If you want your plant to have more growth, then fertilize with a diluted liquid fertilizer like fish emulsion or blood meal every other week. You can also feed it with slow-release pellets during the winter months when its metabolism slows down and needs less water.

In order for this succulent not to get too waterlogged, you need to trim the bottom leaves when it is watered.

When to repot

If your succulents are too big for their pots, you can repot them when it starts to get crowded. But before repotting, make sure that the soil is dry and free of any debris or weeds.

This plant doesn’t need to be put into a new pot until its roots have filled up all available spaces.

Growth rate

The growth rate for a crassula portulacaria is slow.

It’s better to repot it when there are no more spaces left in the pot or trim off bottom branches instead of letting this plant grow too big which can sometimes lead to leaf drop and root rot issues. The best way you can ensure your succulent is growing at a healthy rate is by fertilizing it with a diluted liquid fertilizer like fish emulsion or blood meal every other week.
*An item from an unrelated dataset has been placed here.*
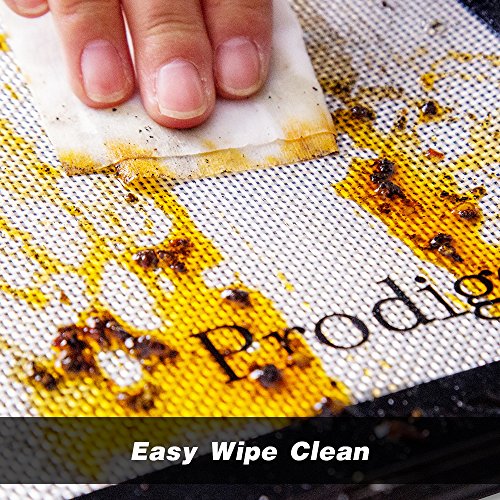 NON-STICK & EASY TO CLEAN: The food won’t be sticked on the mats to make it hard to clean.It’s made of easy clean material. The baking mat can be wiped with damp clothYou can wash it in your dishwasher.

When you repot, make sure that the soil is dry and free of any debris or weeds before placing your succulent in its new pot. The growth rate for this plant can be slow but it’s better to trim off the bottom branches or repot it when there are no more spaces left in its pot instead of letting this plant grow too big. The best way you can ensure your succulent is growing at a healthy rate is by fertilizing with a diluted liquid fertilizer like fish emulsion or blood meal every other week.

Hardiness zone

The hardiness zone for a crassula portulacaria is all zones.

This plant can grow in any area since it’s resistant to frost and survives well even if the temperature goes below freezing during wintertime. The best place you should put your succulent if possible is where there is plenty of sunlight, good drainage but in an area where the plant can get some shade during midday.

Toxicity

The crassula portulacaria is a plant that does not have any toxicity towards animals and humans so it’s safe for people who are allergic to plants like the poison ivy, oak, ragweed family of plants.

When you have pets in your home then make sure that you keep them away from this plant because they may chew on the leaves and cause it to die.

Pests and diseases

The most common pest and disease of crassula portulacaria is rot.

Rot is basically a fungus or bacteria in the soil that causes plants to wilt, turn brown, have soft spots on its leaves, and it may start shedding its needles too. It spreads quickly which makes it hard to control especially if you don’t use the right type of soil or potting mix.

In order for rot not to happen on your succulents, you need to make sure that the plant doesn’t stay wet and don’t over-water it as well. It also helps if you repot this plant when needed so its roots can grow freely while maintaining good drainage in the soil.